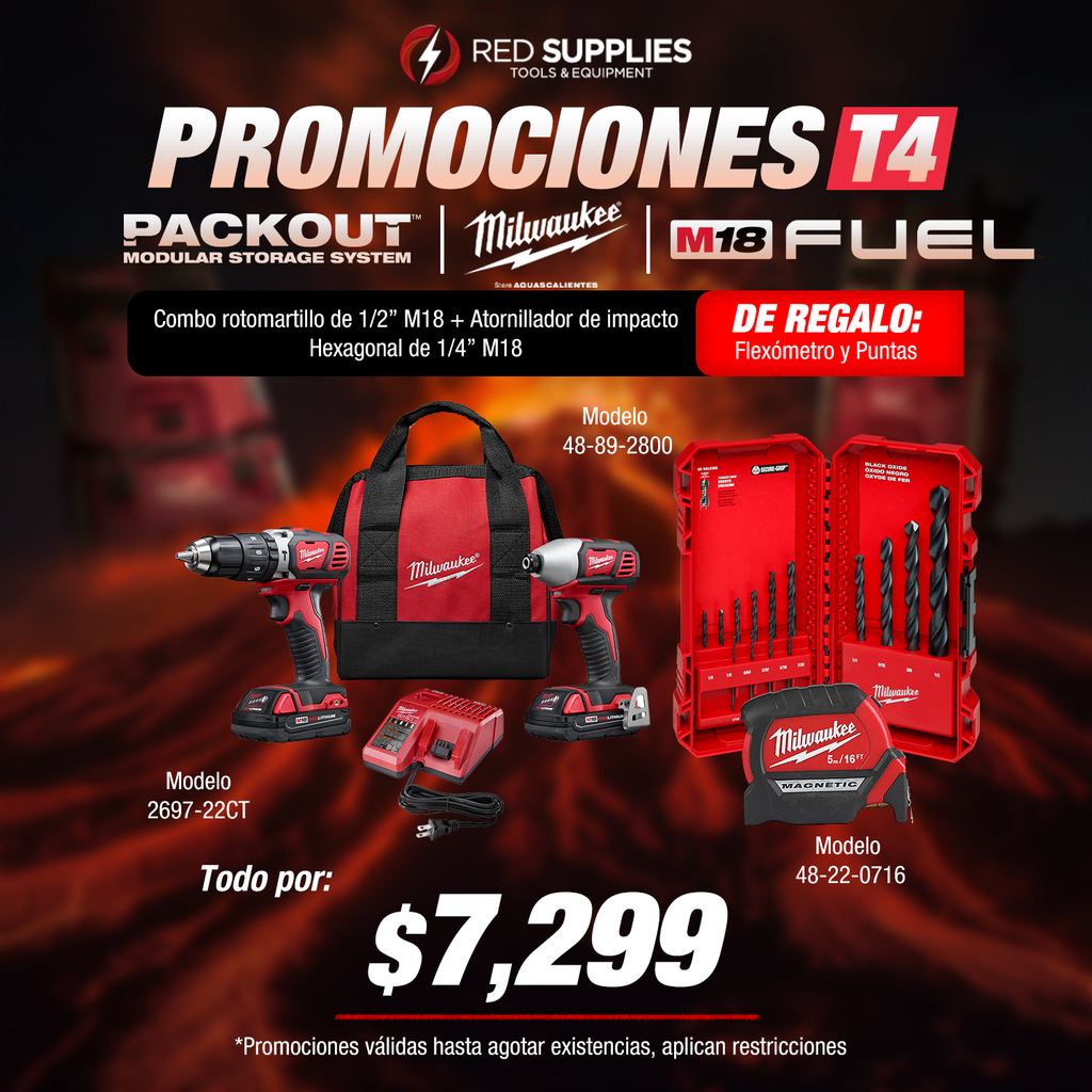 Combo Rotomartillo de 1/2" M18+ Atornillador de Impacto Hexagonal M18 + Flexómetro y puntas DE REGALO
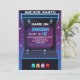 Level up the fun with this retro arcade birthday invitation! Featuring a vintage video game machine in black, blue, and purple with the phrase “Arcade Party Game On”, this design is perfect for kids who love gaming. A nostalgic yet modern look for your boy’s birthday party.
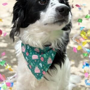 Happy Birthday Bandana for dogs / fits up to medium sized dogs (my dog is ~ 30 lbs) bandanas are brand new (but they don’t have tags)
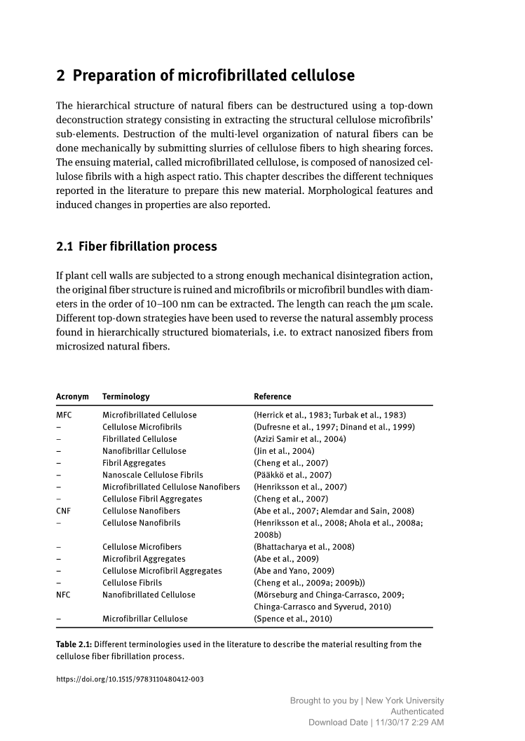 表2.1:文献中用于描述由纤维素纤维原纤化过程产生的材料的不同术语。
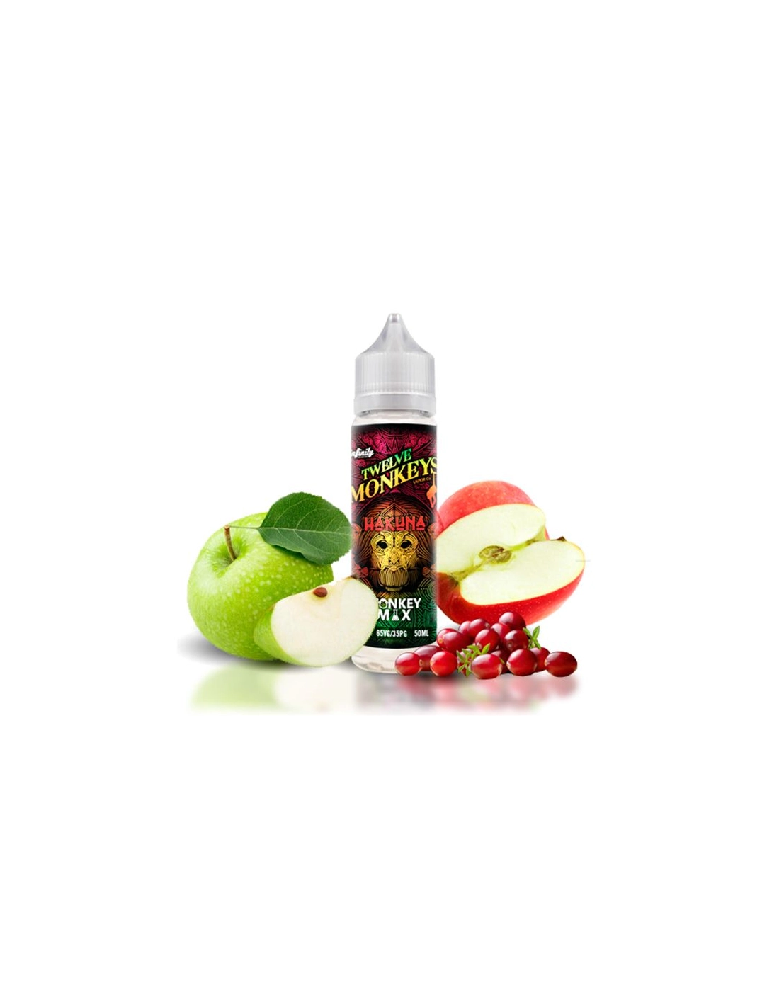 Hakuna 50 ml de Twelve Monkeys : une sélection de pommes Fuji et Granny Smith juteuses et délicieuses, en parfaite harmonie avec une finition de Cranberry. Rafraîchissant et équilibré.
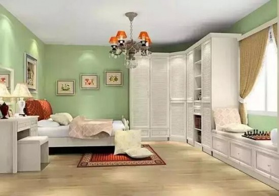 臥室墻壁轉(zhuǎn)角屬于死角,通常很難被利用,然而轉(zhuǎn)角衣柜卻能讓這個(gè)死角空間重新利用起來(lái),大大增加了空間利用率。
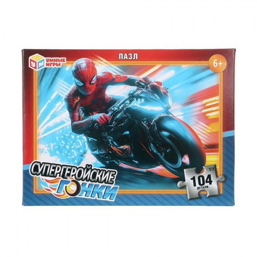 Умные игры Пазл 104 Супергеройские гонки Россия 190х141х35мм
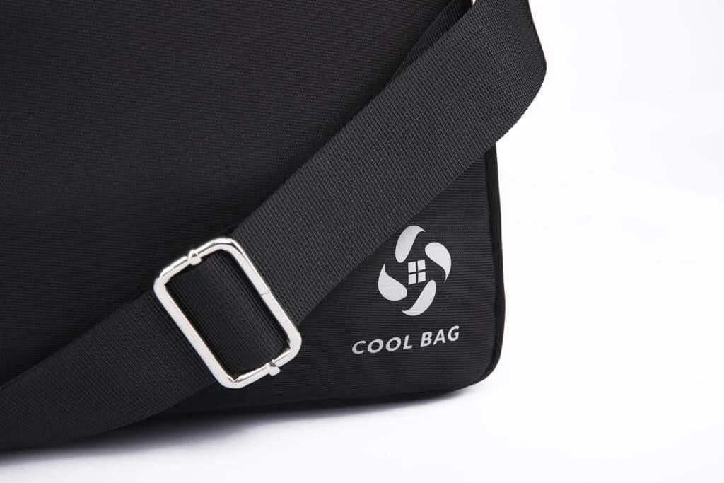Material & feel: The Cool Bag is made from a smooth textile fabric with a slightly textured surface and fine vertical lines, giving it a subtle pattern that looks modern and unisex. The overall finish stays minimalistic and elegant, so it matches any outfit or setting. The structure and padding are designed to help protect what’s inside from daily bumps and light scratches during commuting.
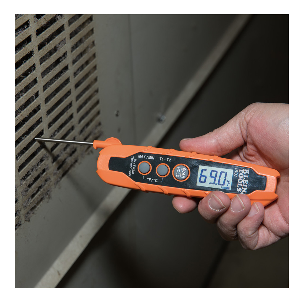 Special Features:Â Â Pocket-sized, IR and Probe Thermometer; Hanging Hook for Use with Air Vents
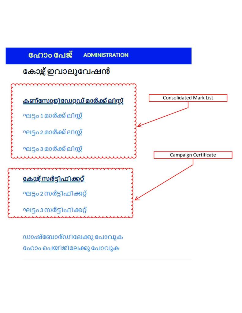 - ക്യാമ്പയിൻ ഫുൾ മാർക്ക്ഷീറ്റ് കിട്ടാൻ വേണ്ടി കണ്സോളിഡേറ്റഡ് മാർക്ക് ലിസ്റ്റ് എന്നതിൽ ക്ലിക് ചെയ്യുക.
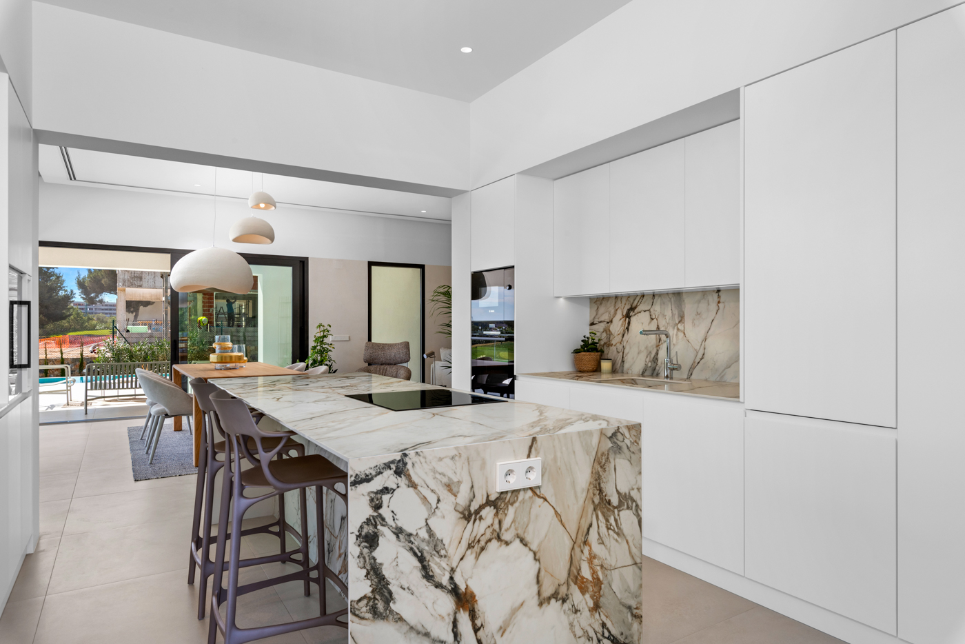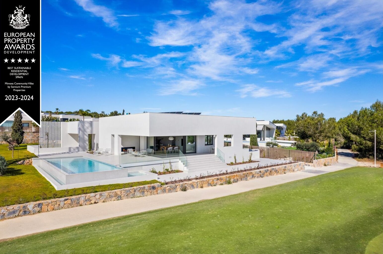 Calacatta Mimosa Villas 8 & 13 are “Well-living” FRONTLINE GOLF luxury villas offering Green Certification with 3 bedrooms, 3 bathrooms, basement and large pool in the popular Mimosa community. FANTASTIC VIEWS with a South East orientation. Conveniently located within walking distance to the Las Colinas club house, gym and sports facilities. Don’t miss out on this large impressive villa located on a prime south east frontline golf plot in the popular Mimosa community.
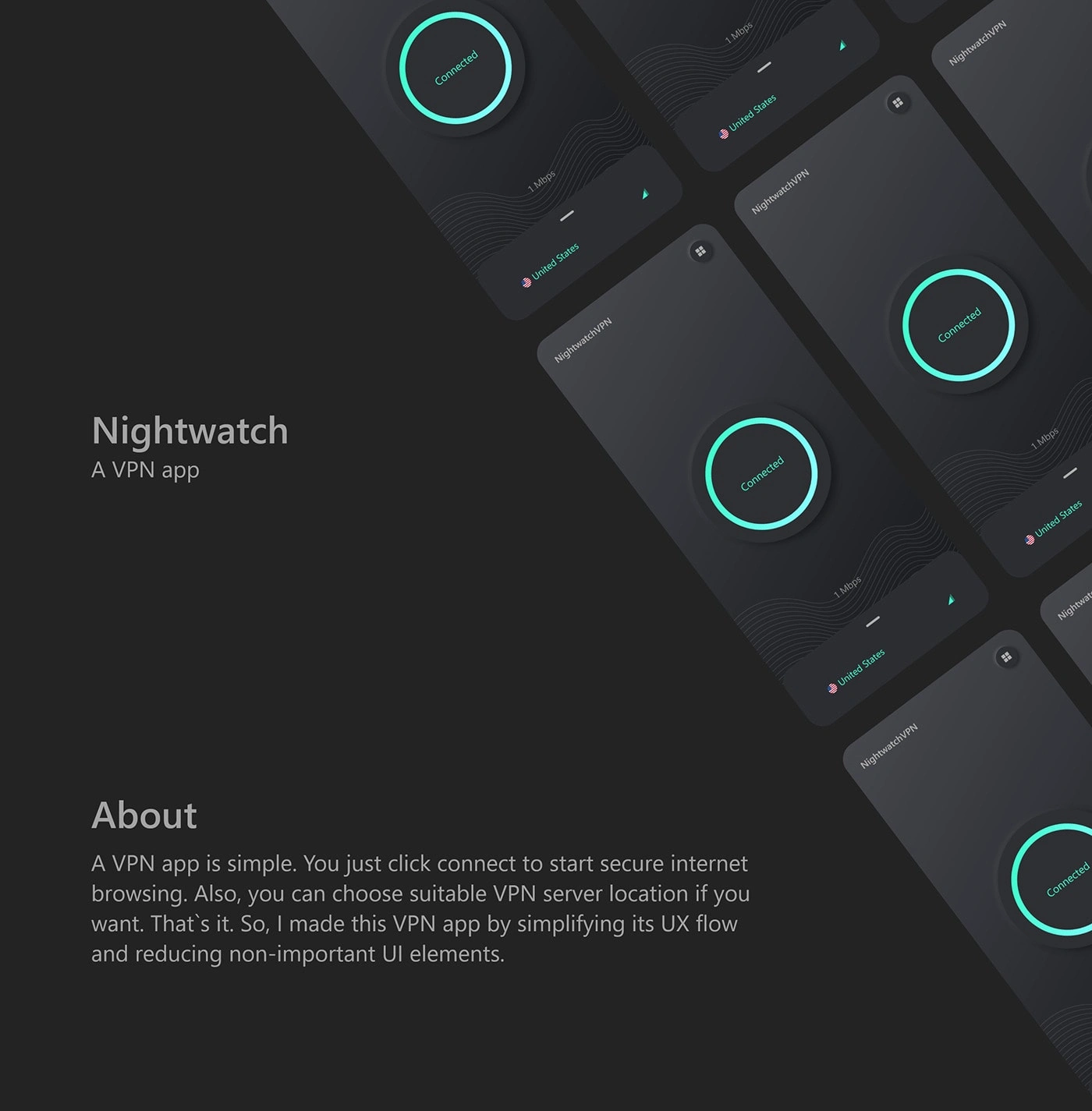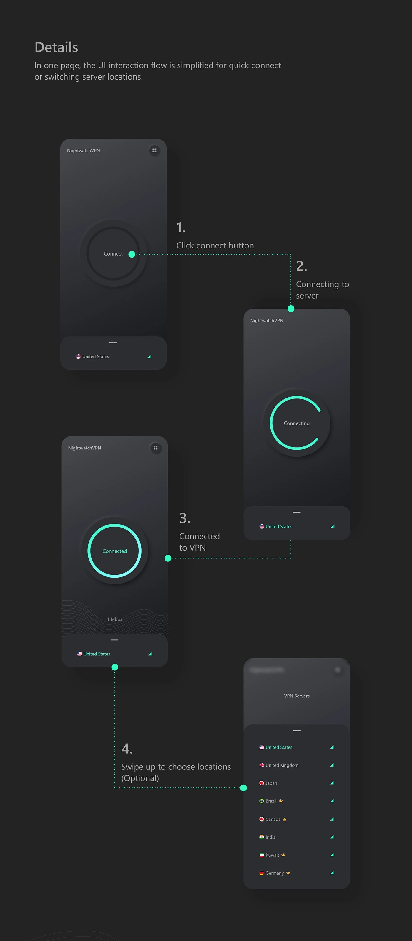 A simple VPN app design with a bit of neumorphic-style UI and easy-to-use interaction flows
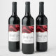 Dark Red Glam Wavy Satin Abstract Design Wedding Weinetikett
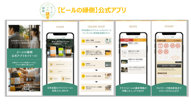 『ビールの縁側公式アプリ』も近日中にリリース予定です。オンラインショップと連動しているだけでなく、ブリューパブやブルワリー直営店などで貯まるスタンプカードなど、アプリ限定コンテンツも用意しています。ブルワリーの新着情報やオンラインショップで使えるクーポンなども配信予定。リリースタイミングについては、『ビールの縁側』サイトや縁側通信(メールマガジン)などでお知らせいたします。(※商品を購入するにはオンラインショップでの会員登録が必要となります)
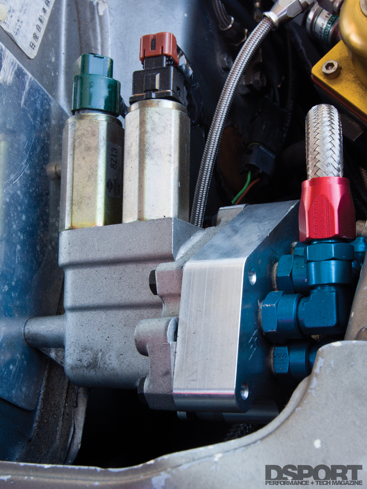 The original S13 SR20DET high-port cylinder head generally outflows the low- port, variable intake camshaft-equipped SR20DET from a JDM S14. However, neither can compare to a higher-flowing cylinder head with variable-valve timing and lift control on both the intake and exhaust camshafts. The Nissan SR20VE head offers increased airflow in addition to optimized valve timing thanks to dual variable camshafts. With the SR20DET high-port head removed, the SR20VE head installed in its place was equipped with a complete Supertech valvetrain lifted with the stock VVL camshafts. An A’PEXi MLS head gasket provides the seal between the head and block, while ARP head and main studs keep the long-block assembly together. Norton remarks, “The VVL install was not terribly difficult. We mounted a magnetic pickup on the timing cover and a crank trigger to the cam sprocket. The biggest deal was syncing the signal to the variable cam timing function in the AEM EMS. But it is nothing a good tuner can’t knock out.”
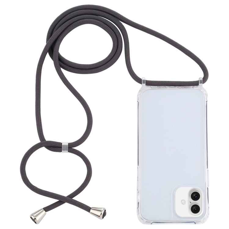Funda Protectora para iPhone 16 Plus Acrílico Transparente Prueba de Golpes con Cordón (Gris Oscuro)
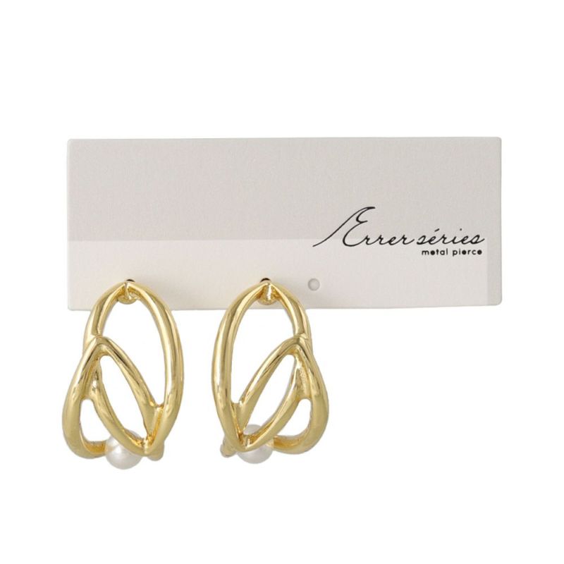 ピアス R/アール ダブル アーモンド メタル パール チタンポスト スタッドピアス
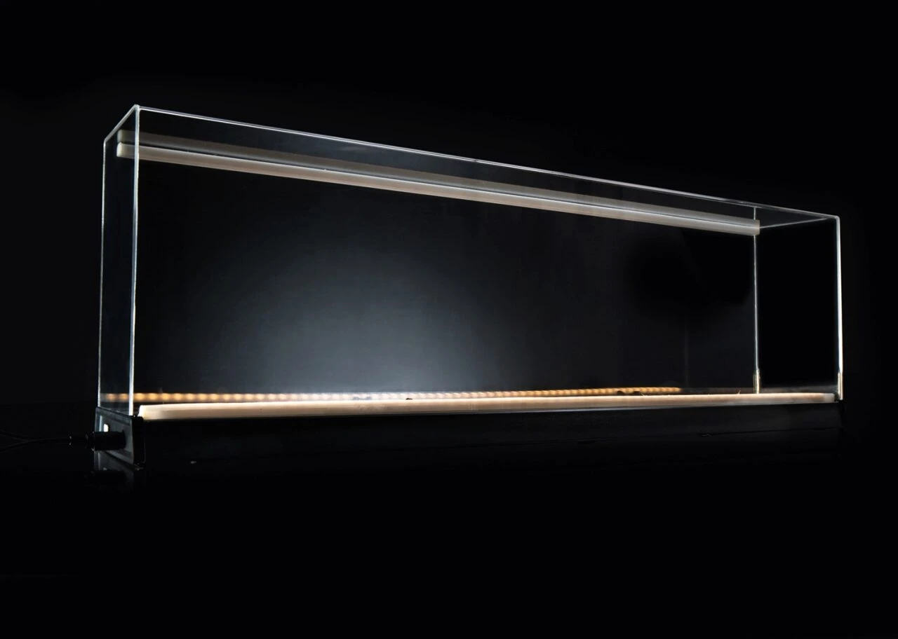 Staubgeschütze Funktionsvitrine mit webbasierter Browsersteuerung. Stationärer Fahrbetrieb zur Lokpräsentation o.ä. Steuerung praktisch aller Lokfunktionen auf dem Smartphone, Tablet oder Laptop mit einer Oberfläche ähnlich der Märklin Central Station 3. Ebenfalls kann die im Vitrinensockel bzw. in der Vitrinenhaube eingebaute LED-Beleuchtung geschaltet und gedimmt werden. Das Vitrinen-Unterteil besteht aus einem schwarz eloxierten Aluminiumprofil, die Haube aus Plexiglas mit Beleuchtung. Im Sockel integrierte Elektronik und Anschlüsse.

- TASK TO COMPLETE: A faithful, complete copy of the entries is required, without the pictures.

- ANSWER TO THE EXERCISE:
 Combo Rotomartillo de 1/2" M18+ Atornillador de Impacto Hexagonal M18 + Flexómetro y puntas DE REGALO
 Level up the fun with this retro arcade birthday invitation! Featuring a vintage video game machine in black, blue, and purple with the phrase “Arcade Party Game On”, this design is perfect for kids who love gaming. A nostalgic yet modern look for your boy’s birthday party.
 Happy Birthday Bandana for dogs / fits up to medium sized dogs (my dog is ~ 30 lbs) bandanas are brand new (but they don’t have tags)
 表2.1:文献中用于描述由纤维素纤维原纤化过程产生的材料的不同术语。
 Hakuna 50 ml de Twelve Monkeys : une sélection de pommes Fuji et Granny Smith juteuses et délicieuses, en parfaite harmonie avec une finition de Cranberry. Rafraîchissant et équilibré.
 臥室墻壁轉(zhuǎn)角屬于死角,通常很難被利用,然而轉(zhuǎn)角衣柜卻能讓這個(gè)死角空間重新利用起來(lái),大大增加了空間利用率。
 Умные игры Пазл 104 Супергеройские гонки Россия 190х141х35мм
Material & feel: The Cool Bag is made from a smooth textile fabric with a slightly textured surface and fine vertical lines, giving it a subtle pattern that looks modern and unisex. The overall finish stays minimalistic and elegant, so it matches any outfit or setting. The structure and padding are designed to help protect what’s inside from daily bumps and light scratches during commuting.
 Special Features:Â Â Pocket-sized, IR and Probe Thermometer; Hanging Hook for Use with Air Vents
 - ക്യാമ്പയിൻ ഫുൾ മാർക്ക്ഷീറ്റ് കിട്ടാൻ വേണ്ടി കണ്സോളിഡേറ്റഡ് മാർക്ക് ലിസ്റ്റ് എന്നതിൽ ക്ലിക് ചെയ്യുക.
 Calacatta Mimosa Villas 8 & 13 are “Well-living” FRONTLINE GOLF luxury villas offering Green Certification with 3 bedrooms, 3 bathrooms, basement and large pool in the popular Mimosa community. FANTASTIC VIEWS with a South East orientation. Conveniently located within walking distance to the Las Colinas club house, gym and sports facilities. Don’t miss out on this large impressive villa located on a prime south east frontline golf plot in the popular Mimosa community.
 A simple VPN app design with a bit of neumorphic-style UI and easy-to-use interaction flows
 Dark Red Glam Wavy Satin Abstract Design Wedding Weinetikett
 『ビールの縁側公式アプリ』も近日中にリリース予定です。オンラインショップと連動しているだけでなく、ブリューパブやブルワリー直営店などで貯まるスタンプカードなど、アプリ限定コンテンツも用意しています。ブルワリーの新着情報やオンラインショップで使えるクーポンなども配信予定。リリースタイミングについては、『ビールの縁側』サイトや縁側通信(メールマガジン)などでお知らせいたします。(※商品を購入するにはオンラインショップでの会員登録が必要となります)
 The original S13 SR20DET high-port cylinder head generally outflows the low- port, variable intake camshaft-equipped SR20DET from a JDM S14. However, neither can compare to a higher-flowing cylinder head with variable-valve timing and lift control on both the intake and exhaust camshafts. The Nissan SR20VE head offers increased airflow in addition to optimized valve timing thanks to dual variable camshafts. With the SR20DET high-port head removed, the SR20VE head installed in its place was equipped with a complete Supertech valvetrain lifted with the stock VVL camshafts. An A’PEXi MLS head gasket provides the seal between the head and block, while ARP head and main studs keep the long-block assembly together. Norton remarks, “The VVL install was not terribly difficult. We mounted a magnetic pickup on the timing cover and a crank trigger to the cam sprocket. The biggest deal was syncing the signal to the variable cam timing function in the AEM EMS. But it is nothing a good tuner can’t knock out.”
Funda Protectora para iPhone 16 Plus Acrílico Transparente Prueba de Golpes con Cordón (Gris Oscuro)
 ピアス R/アール ダブル アーモンド メタル パール チタンポスト スタッドピアス
 Staubgeschütze Funktionsvitrine mit webbasierter Browsersteuerung. Stationärer Fahrbetrieb zur Lokpräsentation o.ä. Steuerung praktisch aller Lokfunktionen auf dem Smartphone, Tablet oder Laptop mit einer Oberfläche ähnlich der Märklin Central Station 3. Ebenfalls kann die im Vitrinensockel bzw. in der Vitrinenhaube eingebaute LED-Beleuchtung geschaltet und gedimmt werden. Das Vitrinen-Unterteil besteht aus einem schwarz eloxierten Aluminiumprofil, die Haube aus Plexiglas mit Beleuchtung. Im Sockel integrierte Elektronik und Anschlüsse.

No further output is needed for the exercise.